Георгий Георгиевич стал чаще разговаривать со своей командой и даже предложил себя в руководители кружка английского языка.

3

Спустя два дня замполитам приказали собрать вещи и выйти на плац. У комендатуры пофыркивал лагерный грузовик с брезентовым верхом. «Маннергейм» давал инструкции четырем солдатам-конвоирам.

Над Риксбургом стояло серое, неприветливое утро. Шел мокрый снег и тут же таял, образовывая под ногами жидкую холодную кашицу. Уныло стучал на ветру оторвавшийся от крыши железный лист. Скрипел флюгер на домике Колера.

Замполиты стояли у калитки и ждали дальнейших распоряжений. Их окружали товарищи и молча совали в руки носки, варежки, хлеб, картошку — все, что могли отдать. Говорить было нечего. Все понимали, какая опасность грозит этим шестерым.

Чумаков присел на стенку колодца, опустив на землю тощий рюкзак. Его лихорадило. Он простудился несколько дней назад на расчистке снега, и простуда до сих пор не проходила. Известие о переводе в другой лагерь Константин Илларионович принял спокойно. Аккуратно собрал вещи, передал Горностаеву книги, нашел в себе силы шуткой подбодрить замполита с «Днепра», который совсем было сник… Теперь наступил момент расставания, и тоска охватила Чумакова. Он знал, что покидает этот лагерь и товарищей навсегда. Что ждет его впереди? Во всяком случае не лучшее. В этом на гитлеровцев можно положиться.

Константин Илларионович вспомнил, как протестовала его жена, когда он согласился снова пойти плавать. Она оказалась права. Плавание принесло ему несчастье. Мелькнула мысль о том, что все могло бы быть иначе, если бы он остался на берегу. Но он не мог остаться на берегу. Он должен быть на судне. Разве это не его долг как моряка-коммуниста? Снова он подумал об ужасах, которые ждут его в КЦ.

Нет, Чумаков не боялся. Он давно приучил себя к мысли, что гитлеровцы рано или поздно расправятся с ним, и смерть не пугала его. Она стала органической частичкой его бытия. Он привык к ней, как каторжник привыкает к тяжелым кандалам, которые всегда с ним. Сейчас смерть приблизилась, мечта о свободе отодвинулась дальше. Но еще не все кончено. Пока он жив.

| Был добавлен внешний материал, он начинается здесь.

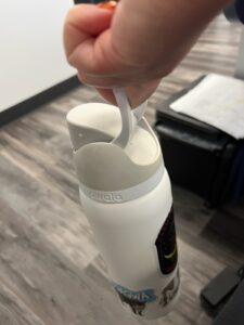 Throughout my daily life, I am constantly adapting and modifying daily activities that I find myself providing patient education on. Most impactfully, I consider prevention of future injuries. One common diagnosis seen in our clinics is carpometcarpal osteoarthritis. This requires a significant amount of education on proper positioning, proper pinching mechanics, and activity modifications to manage pain and prevent injury or further progression of disease process. In my own life, I remind myself of “O to C” pinching when I am using tweezers on my eyebrows, putting on mascara, or when opening zip lock bags. I also have adopted basic joint protection principles that I teach patients as well to load the larger joints, stir with the shoulder, or keep the thumb from touching the palm with all functional use. I also remind myself to use larger joints when I carry items to save and protect my thumb and finger joints, especially carrying my water bottles. I have even figured out what water bottles are the most ergonomic, such as one with a handle for fingers to carry rather than a handle that requires you to make a full fist with your thumb (see photo below). Another common diagnosis we see is carpal tunnel. One of the main contributing factors and educational points for carpal tunnel is sleeping in a position with your wrist flexed. I have actively been more aware of my wrist position when I am sleeping to prevent compression of the median nerve at night because I do not want to end up wearing wrist neutral splints at night.
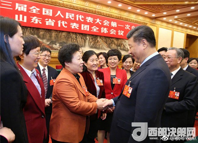 新華網(wǎng)北京3月8日電 8日上午,習(xí)近平到山東代表團(tuán)參加審議。正值“三八”國際勞動?jì)D女節(jié),習(xí)近平代表黨中央向女代表、女委員、女工作人員及全國各族各界婦女同胞,致以節(jié)日的祝賀和誠摯的祝福。

— Выше голову! — подбадривая сам себя, вслух сказал Чумаков и повернулся к сидевшему рядом в мрачной задумчивости Микешину. — Не все еще кончено.

— Не все, Константин Илларионыч, — обрадованно подхватил Игорь. — Неужели ты думаешь?..

— Я всегда теперь об этом думаю, Игорь, — тихо сказал Чумаков. — Но падать духом не надо. В жизни случаются самые невероятные вещи. Может быть, повезет и нам… Ну, давай прощаться. Вон Вюртцель уже приглашает в «карету».

Чумаков стиснул руку Микешина. Глаза их встретились и повлажнели.

— Прощай, Игорь. Передай Ане, если что… Какие бы ни происходили события — не теряйтесь. Все равно мы победим. Фашизму не будет места на земле. Прощай.

— Прощай, Константин Илларионович. Мы еще увидимся. До свидания, друг.

Микешин не выпускал руку Чумакова. К ним уже бежал рассерженный Вюртцель.

— Шнель, шнель, Шумакофф! — закричал Вюртцель и подтолкнул Константина Илларионовича к калитке.

Замполит обернулся, кивнул головой стоявшим у проволоки интернированным и быстро направился к машине.

Игорь подошел к калитке, но часовой преградил ему путь. Микешин стоял на плацу до тех пор, пока машина не выехала из ворот. Двор опустел.

Тяжесть большой потери легла на сердце Игоря.

…Сахотин через окно наблюдал за происходящим на дворе. У него вспотели руки, а в коленях чувствовалась неприятная слабость. Вот они, последствия его беседы с «Маннергеймом». Людей увозят, может быть, на гибель. И он виновник. Вдруг все-таки как-нибудь об этом узнают? Тогда… Сахотин побледнел. Нет, не может быть. «Маннергейм» дал слово офицера сохранить все в тайне. А больше неоткуда узнать. Но проклятый документ с его подписью! Он существует. Надо надеяться, что с замполитами ничего плохого не случится. А ведь могут расстрелять… О боже…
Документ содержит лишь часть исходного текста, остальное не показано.